* The task: Shown below are entries with pictures; the line with "Join Pauline Hanson’s" through the line with "Peel Off: Once" is the span to retype exactly, and the pictures stay out.

* Material provided:
------------------------------

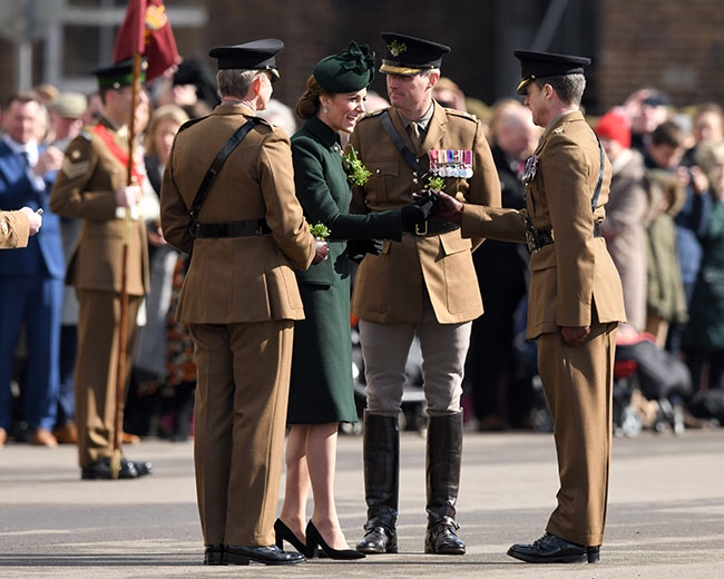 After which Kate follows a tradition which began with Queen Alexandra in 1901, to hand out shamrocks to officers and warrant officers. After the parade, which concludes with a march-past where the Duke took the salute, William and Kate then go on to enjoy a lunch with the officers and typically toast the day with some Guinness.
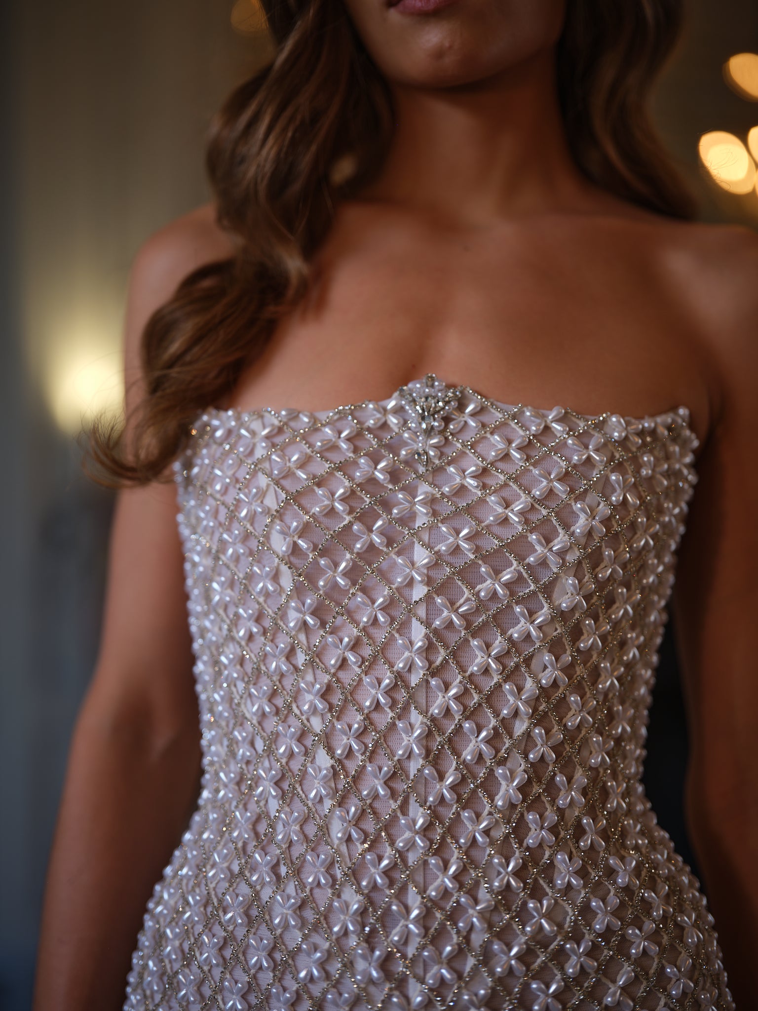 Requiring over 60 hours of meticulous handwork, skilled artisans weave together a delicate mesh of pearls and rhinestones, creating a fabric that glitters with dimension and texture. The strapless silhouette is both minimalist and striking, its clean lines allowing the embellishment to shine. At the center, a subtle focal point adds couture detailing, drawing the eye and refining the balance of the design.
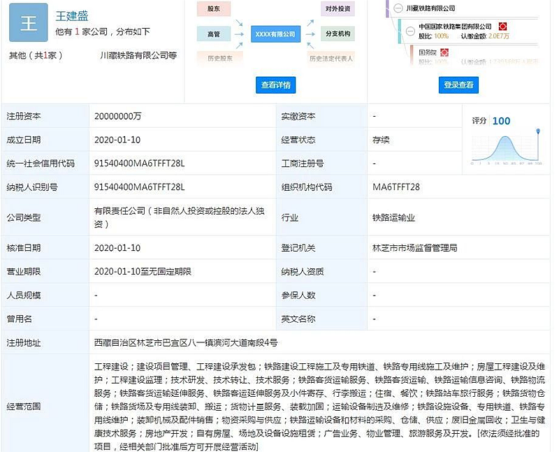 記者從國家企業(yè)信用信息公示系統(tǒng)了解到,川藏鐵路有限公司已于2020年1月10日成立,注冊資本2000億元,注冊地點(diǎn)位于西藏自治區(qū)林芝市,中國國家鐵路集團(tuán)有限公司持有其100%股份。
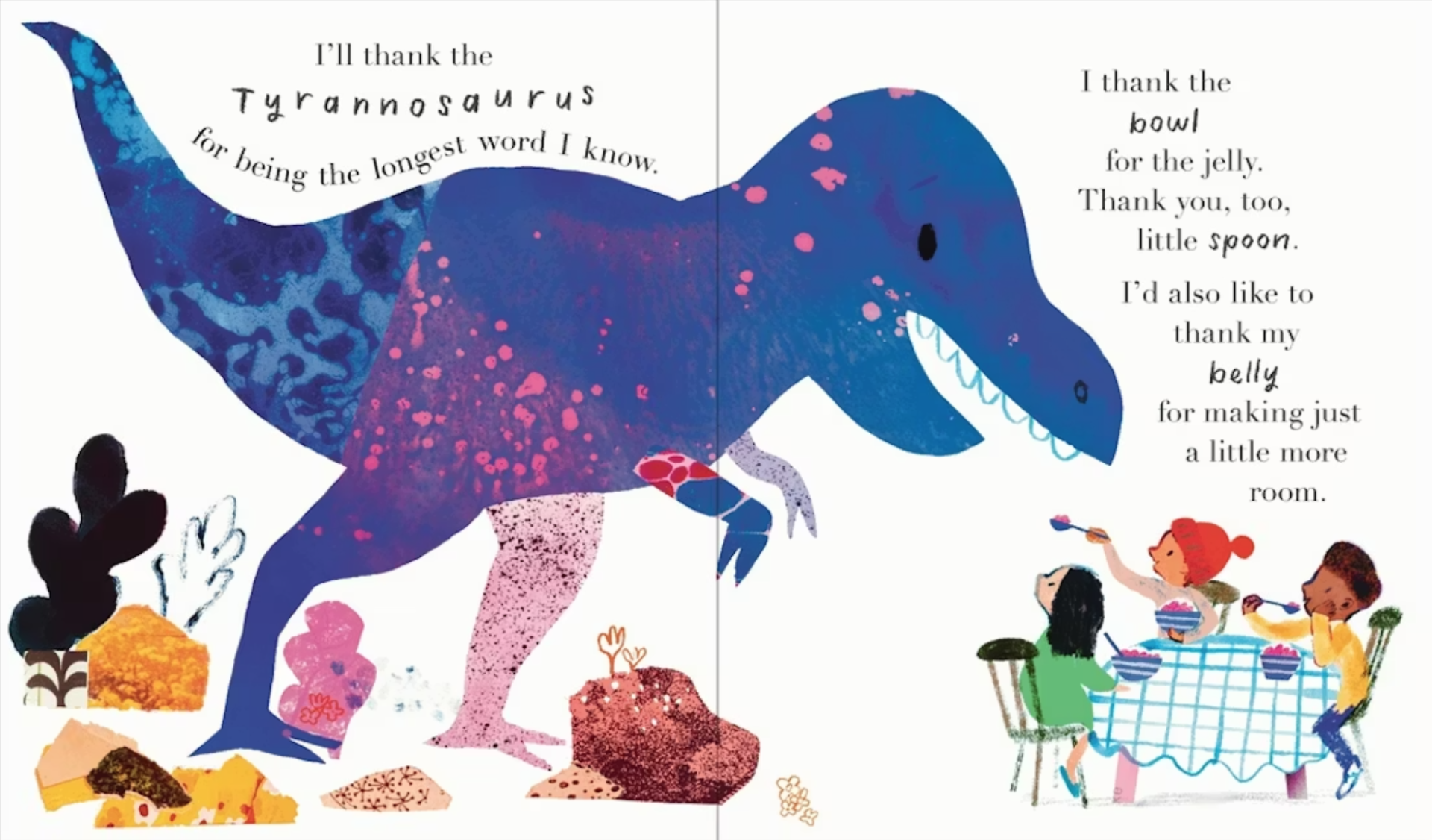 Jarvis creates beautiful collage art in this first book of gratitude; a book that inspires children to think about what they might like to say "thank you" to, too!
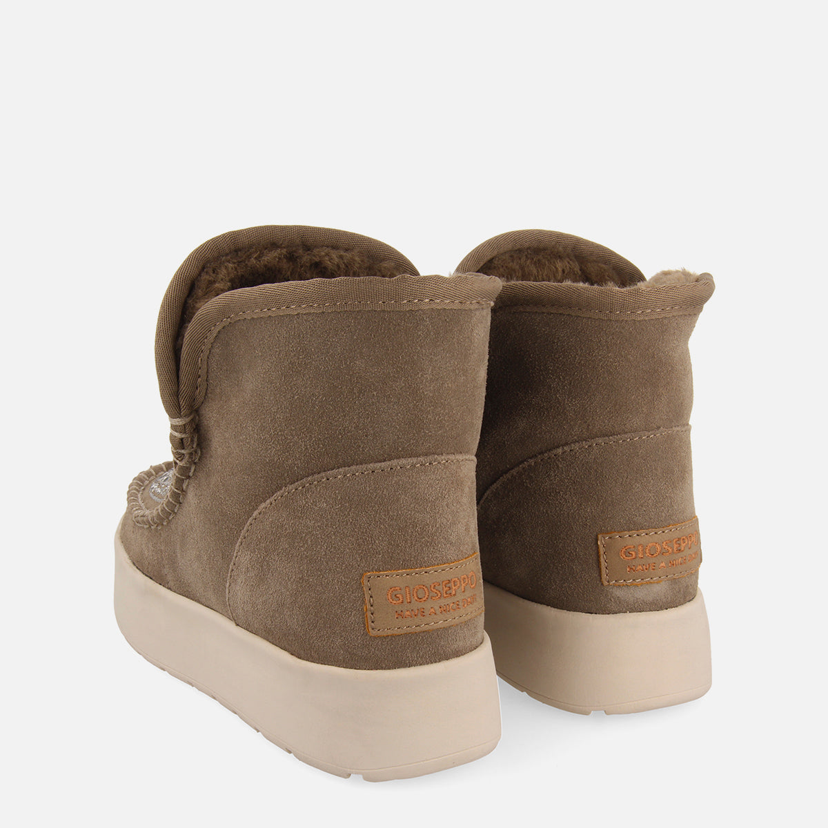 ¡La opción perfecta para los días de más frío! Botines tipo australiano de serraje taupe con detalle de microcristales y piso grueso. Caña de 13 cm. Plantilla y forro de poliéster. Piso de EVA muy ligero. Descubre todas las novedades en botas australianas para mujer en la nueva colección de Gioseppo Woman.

------------------------------

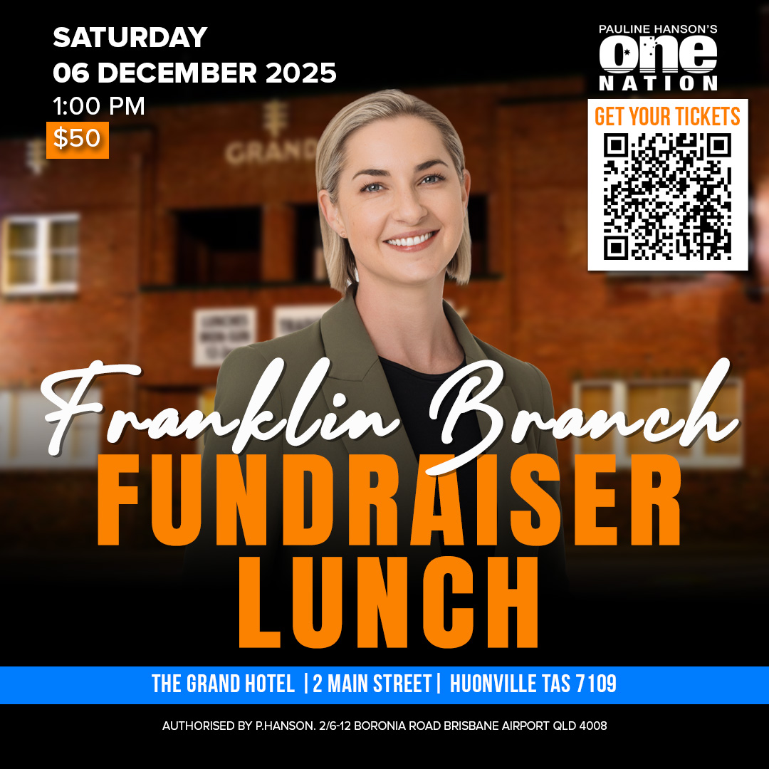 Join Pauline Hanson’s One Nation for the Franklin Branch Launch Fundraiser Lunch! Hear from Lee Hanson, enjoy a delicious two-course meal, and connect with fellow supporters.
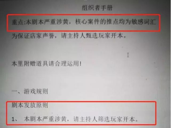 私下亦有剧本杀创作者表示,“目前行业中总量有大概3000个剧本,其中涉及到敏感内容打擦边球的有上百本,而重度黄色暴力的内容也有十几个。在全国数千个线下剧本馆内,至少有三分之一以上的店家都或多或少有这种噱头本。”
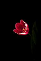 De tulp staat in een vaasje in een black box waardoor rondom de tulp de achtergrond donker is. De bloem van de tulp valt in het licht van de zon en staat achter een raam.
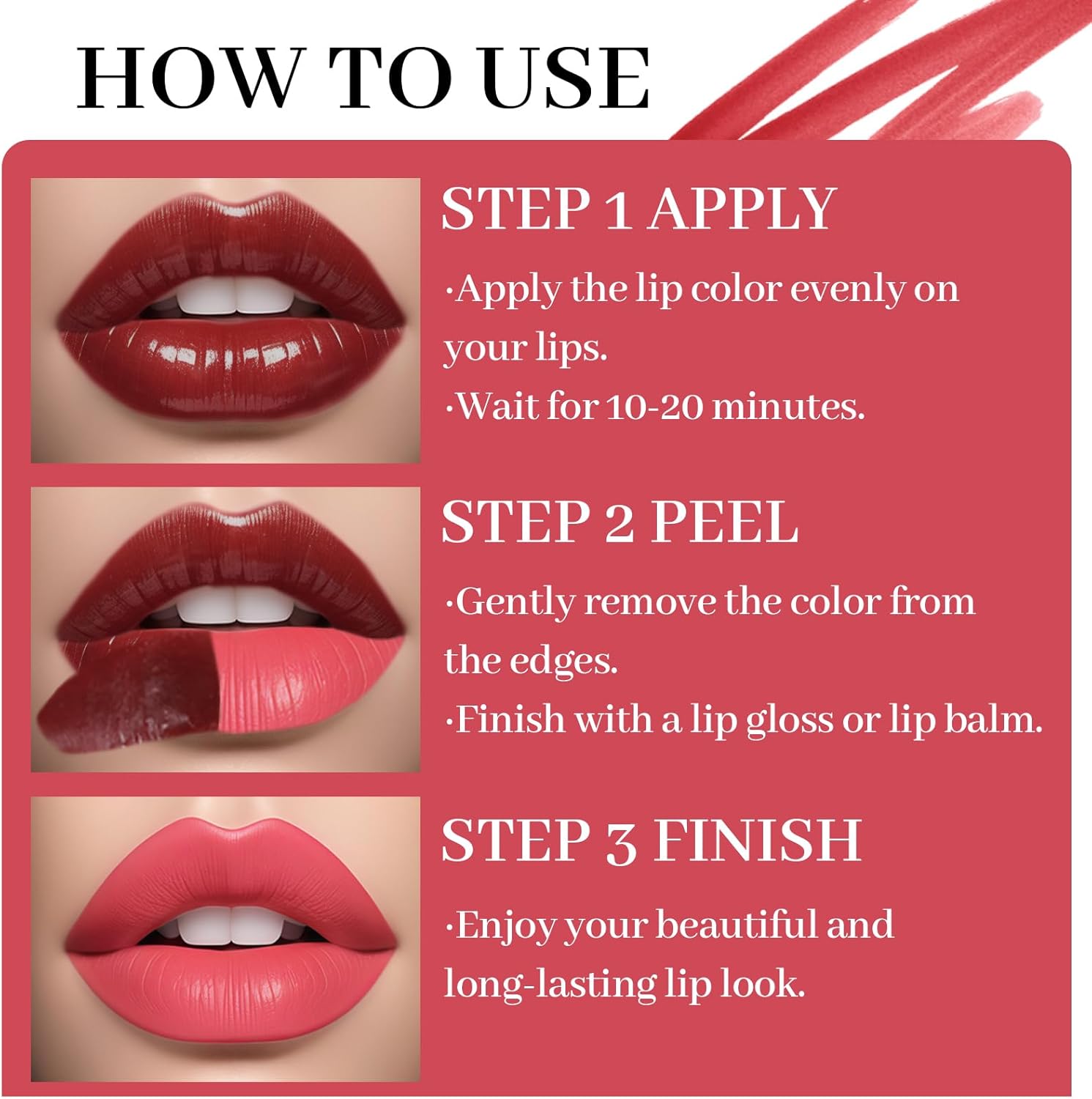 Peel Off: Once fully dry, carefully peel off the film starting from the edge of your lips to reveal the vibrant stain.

------------------------------

* Your solution:
 Join Pauline Hanson’s One Nation for the Franklin Branch Launch Fundraiser Lunch! Hear from Lee Hanson, enjoy a delicious two-course meal, and connect with fellow supporters.
 私下亦有剧本杀创作者表示,“目前行业中总量有大概3000个剧本,其中涉及到敏感内容打擦边球的有上百本,而重度黄色暴力的内容也有十几个。在全国数千个线下剧本馆内,至少有三分之一以上的店家都或多或少有这种噱头本。”
 De tulp staat in een vaasje in een black box waardoor rondom de tulp de achtergrond donker is. De bloem van de tulp valt in het licht van de zon en staat achter een raam.
 Peel Off: Once fully dry, carefully peel off the film starting from the edge of your lips to reveal the vibrant stain.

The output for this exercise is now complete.